>>>

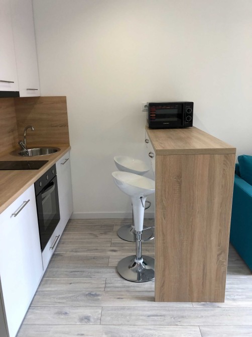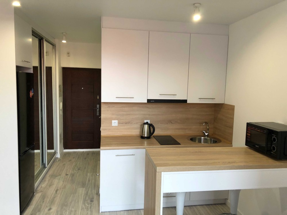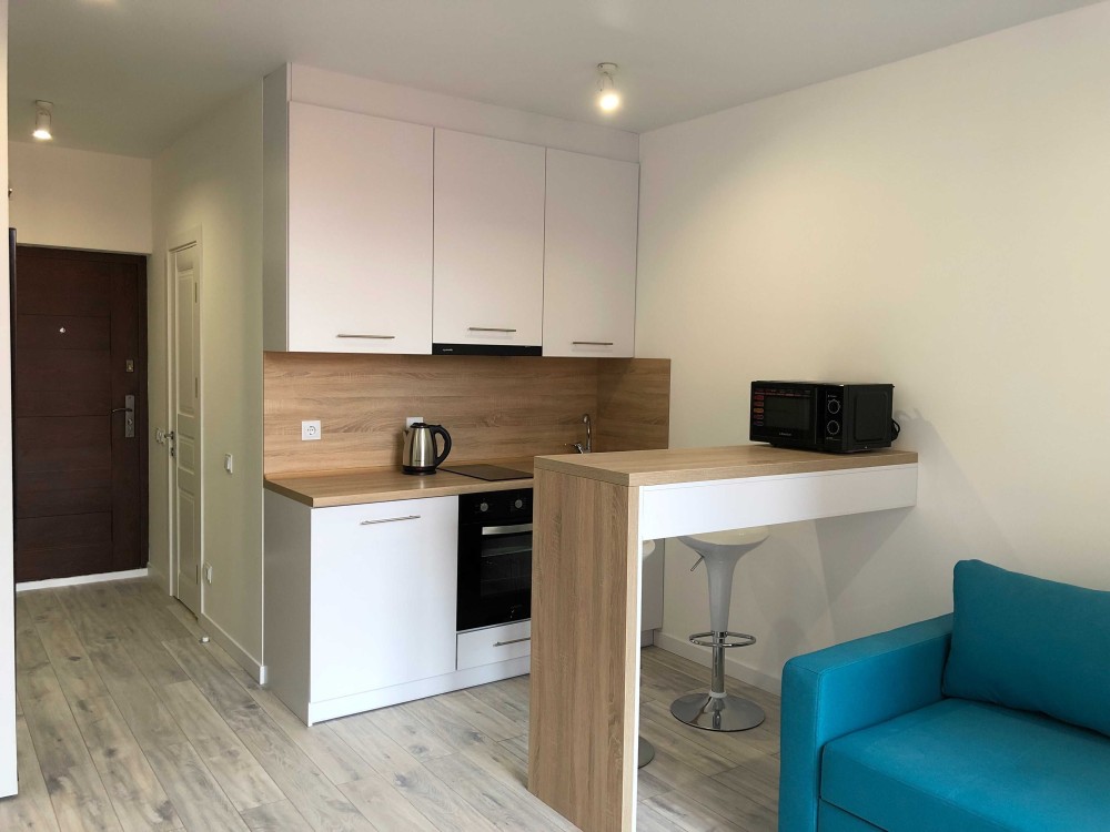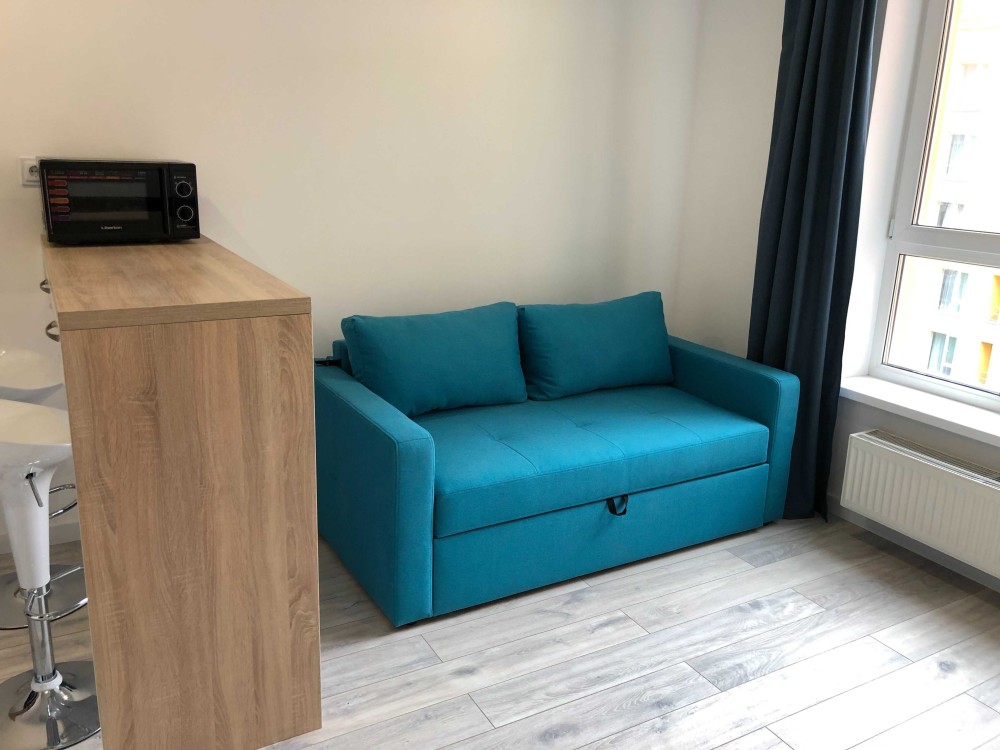 Завдяки оптимізованій площі економія щомісячних комунальних платежів. При цьому в квартирі є все необхідне: телевізор, інтернет, кондиціонер, холодильник, мікрохвильова піч, скляна варильна поверхня, духова шафа, пральна машина, шафа-купе, розкладний диван.
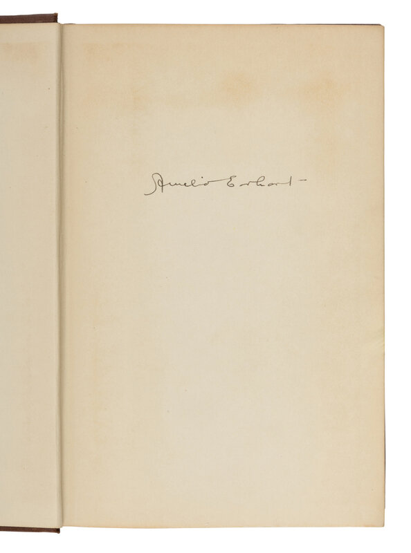 New York: Brewer, Warren & Putnam, 1932. Second Printing. Signed by Earhart on front free endpaper. 8vo. Original brown cloth, sunning to spine, one-inch vertical tear at head of spine.
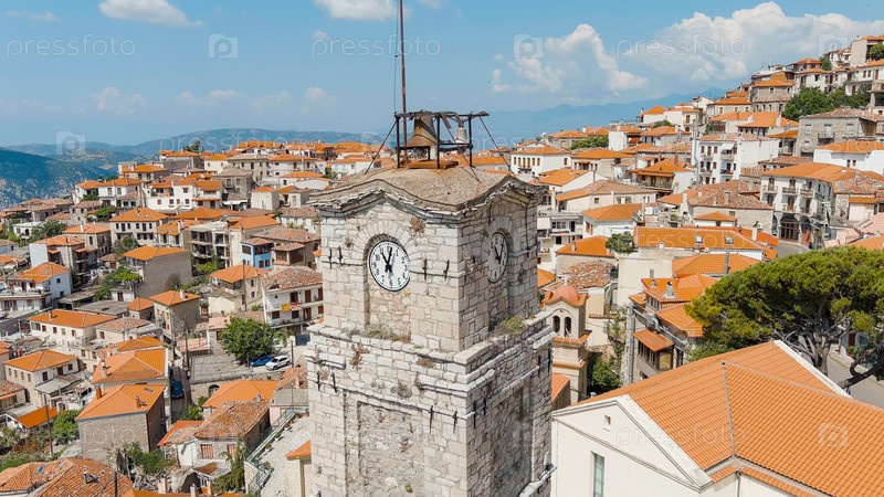 Арахова - небольшой город в Греции, в общине Дистомон-Арахов-Андикира. солнечная погода с облаками. лето, вид из воздуха
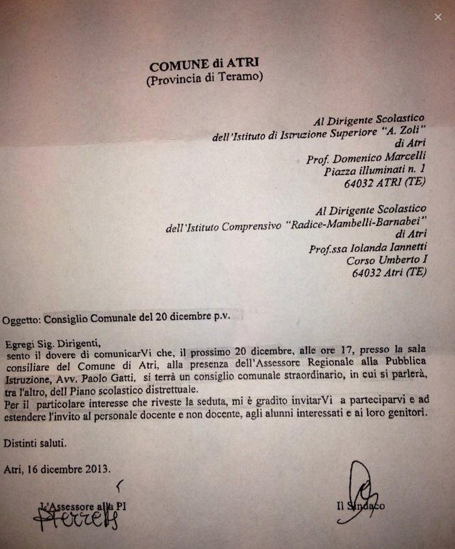 Lettera del sindaco di Atri, Astolfi e dell'Assessore alla Pubblica Istruzione, che invitavano i dirigenti scolastici Marcelli e Iannetti, a estendere l'invito a tutti, Bambini e duchi compresi.
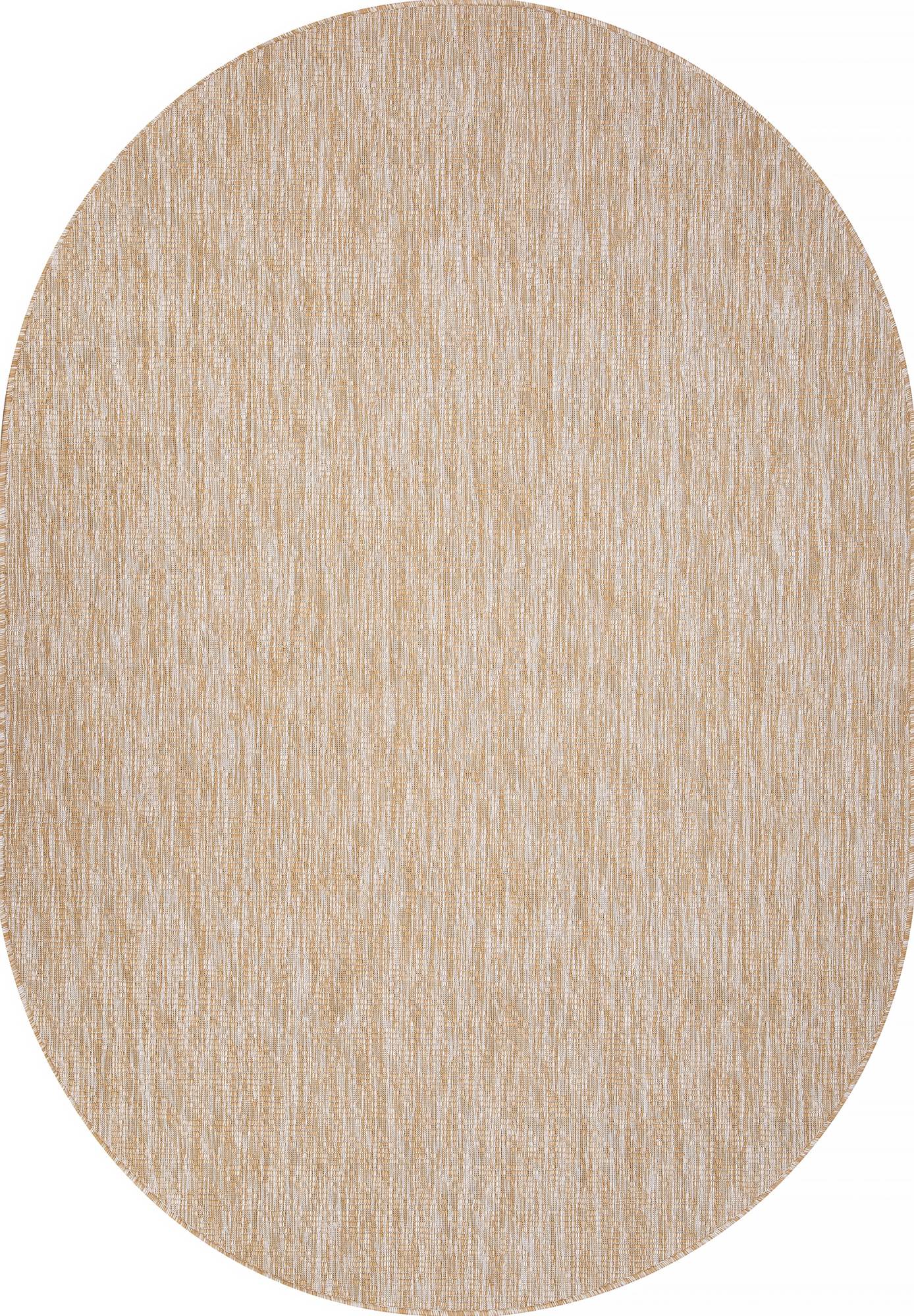 Стильный, бежевый, овальный ковер из синтетики. имеет высокое качество изготовления и хорошую износостойкость. Лучший выбор для украшения гостиной или зала.
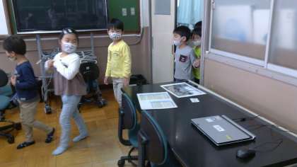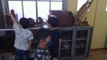 と興味津々で色々な物や教室の疑問を見つけながら歩きました。
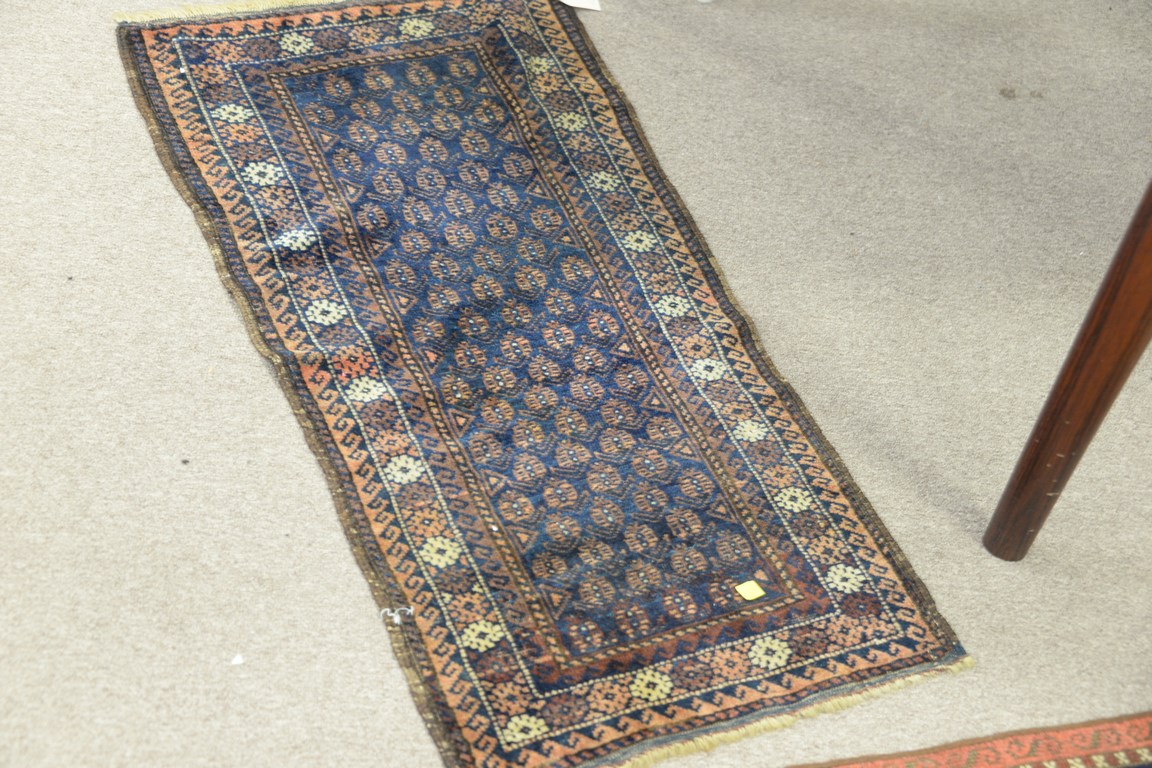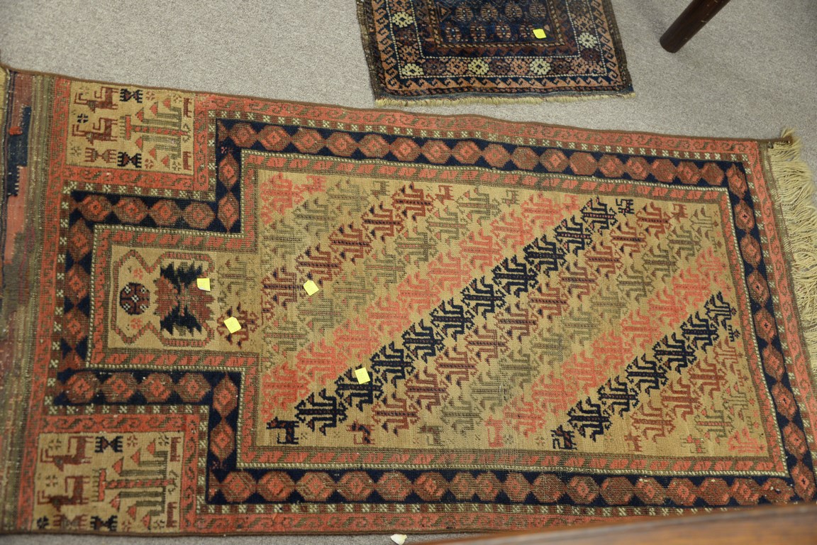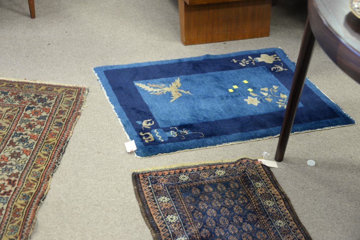 Lot 325: Group of four Oriental throw rugs including Chinese 2’2 x 3, Belouch 1’7 x 3’2, prayer rug 2’2 x 4′, and Hamadan worn …
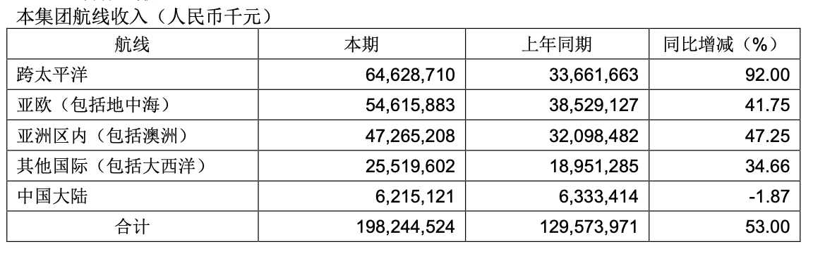 在这些集装箱航运业务中,跨太平洋航线收入最高,达646.29亿元,同比增长92%;其次为亚欧(包括地中海)航线收入为546.16亿元,同比增长41.75%。中国大陆航线收入为62.15亿元,同比下降1.87%。
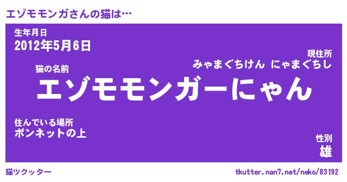 | ヒーロー風カッコイイあだ名 | 『スーパーエゾモモンガ』『炎刃騎士エゾ』 |
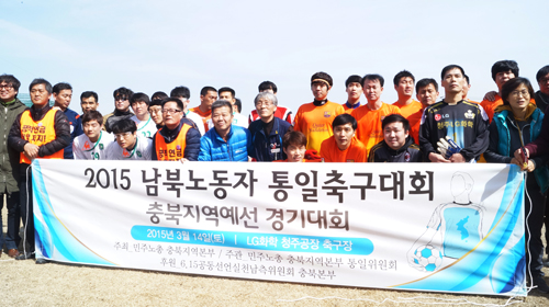 이날 행사에는 박석민 민주노총 통일위원장과 장필상 엘지화학노조 위원장 등 100 여명이 참석한 가운데 엘지화학 청주공장 잔디구장에서 진행됐다.

<<<

[Work instruction]
With the pictures excluded, retype the records above verbatim.

[Response below]
 Завдяки оптимізованій площі економія щомісячних комунальних платежів. При цьому в квартирі є все необхідне: телевізор, інтернет, кондиціонер, холодильник, мікрохвильова піч, скляна варильна поверхня, духова шафа, пральна машина, шафа-купе, розкладний диван.
 New York: Brewer, Warren & Putnam, 1932. Second Printing. Signed by Earhart on front free endpaper. 8vo. Original brown cloth, sunning to spine, one-inch vertical tear at head of spine.
 Арахова - небольшой город в Греции, в общине Дистомон-Арахов-Андикира. солнечная погода с облаками. лето, вид из воздуха
 Lettera del sindaco di Atri, Astolfi e dell'Assessore alla Pubblica Istruzione, che invitavano i dirigenti scolastici Marcelli e Iannetti, a estendere l'invito a tutti, Bambini e duchi compresi.
 Стильный, бежевый, овальный ковер из синтетики. имеет высокое качество изготовления и хорошую износостойкость. Лучший выбор для украшения гостиной или зала.
 と興味津々で色々な物や教室の疑問を見つけながら歩きました。
 Lot 325: Group of four Oriental throw rugs including Chinese 2’2 x 3, Belouch 1’7 x 3’2, prayer rug 2’2 x 4′, and Hamadan worn …
 在这些集装箱航运业务中,跨太平洋航线收入最高,达646.29亿元,同比增长92%;其次为亚欧(包括地中海)航线收入为546.16亿元,同比增长41.75%。中国大陆航线收入为62.15亿元,同比下降1.87%。
 | ヒーロー風カッコイイあだ名 | 『スーパーエゾモモンガ』『炎刃騎士エゾ』 |
 이날 행사에는 박석민 민주노총 통일위원장과 장필상 엘지화학노조 위원장 등 100 여명이 참석한 가운데 엘지화학 청주공장 잔디구장에서 진행됐다.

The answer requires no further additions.